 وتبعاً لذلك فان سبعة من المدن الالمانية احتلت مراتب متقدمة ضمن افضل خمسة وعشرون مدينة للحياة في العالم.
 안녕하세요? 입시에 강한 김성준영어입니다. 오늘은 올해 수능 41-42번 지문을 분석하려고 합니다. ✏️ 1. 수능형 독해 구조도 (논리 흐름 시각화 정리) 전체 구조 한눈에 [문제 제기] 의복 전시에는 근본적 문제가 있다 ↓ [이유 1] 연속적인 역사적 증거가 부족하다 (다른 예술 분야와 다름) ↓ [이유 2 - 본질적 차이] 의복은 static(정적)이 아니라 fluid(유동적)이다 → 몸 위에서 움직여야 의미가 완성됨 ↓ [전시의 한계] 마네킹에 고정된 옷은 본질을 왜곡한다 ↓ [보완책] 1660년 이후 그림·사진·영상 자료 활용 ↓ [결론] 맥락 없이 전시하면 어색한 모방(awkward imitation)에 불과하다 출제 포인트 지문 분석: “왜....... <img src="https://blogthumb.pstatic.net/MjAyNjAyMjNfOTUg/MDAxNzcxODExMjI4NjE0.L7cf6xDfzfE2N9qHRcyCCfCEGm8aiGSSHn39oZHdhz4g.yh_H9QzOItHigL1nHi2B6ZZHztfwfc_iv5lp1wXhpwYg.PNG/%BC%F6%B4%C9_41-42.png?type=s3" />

______________________________

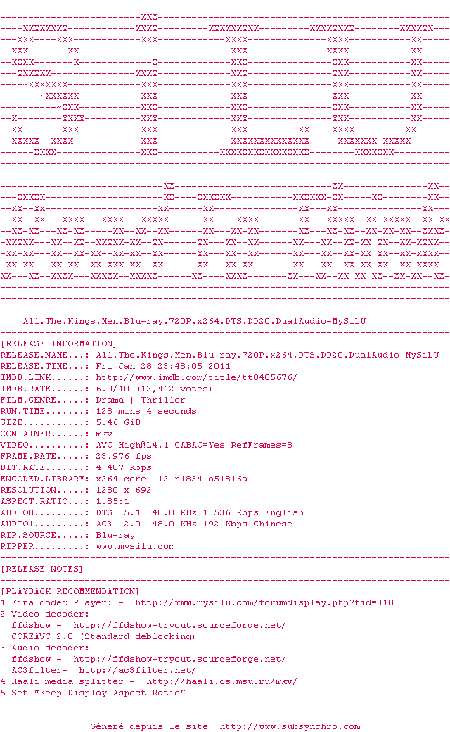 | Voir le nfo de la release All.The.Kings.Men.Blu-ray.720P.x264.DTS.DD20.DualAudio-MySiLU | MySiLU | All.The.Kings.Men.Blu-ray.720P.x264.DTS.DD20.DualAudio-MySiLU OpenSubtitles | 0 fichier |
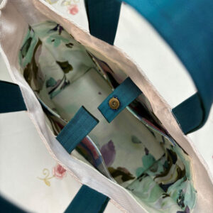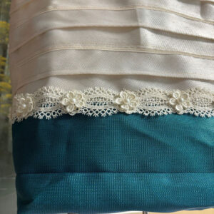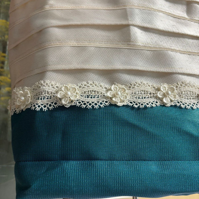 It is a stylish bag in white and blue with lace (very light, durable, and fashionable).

______________________________

§ EXERCISE INSTRUCTIONS
From the data above, return only the lines starting at the line that holds "0 fichier |" and ending at the line that holds "It is a stylish", word for word and without pictures.

§ SOLUTION FOR THIS TASK
 | Voir le nfo de la release All.The.Kings.Men.Blu-ray.720P.x264.DTS.DD20.DualAudio-MySiLU | MySiLU | All.The.Kings.Men.Blu-ray.720P.x264.DTS.DD20.DualAudio-MySiLU OpenSubtitles | 0 fichier |
 It is a stylish bag in white and blue with lace (very light, durable, and fashionable).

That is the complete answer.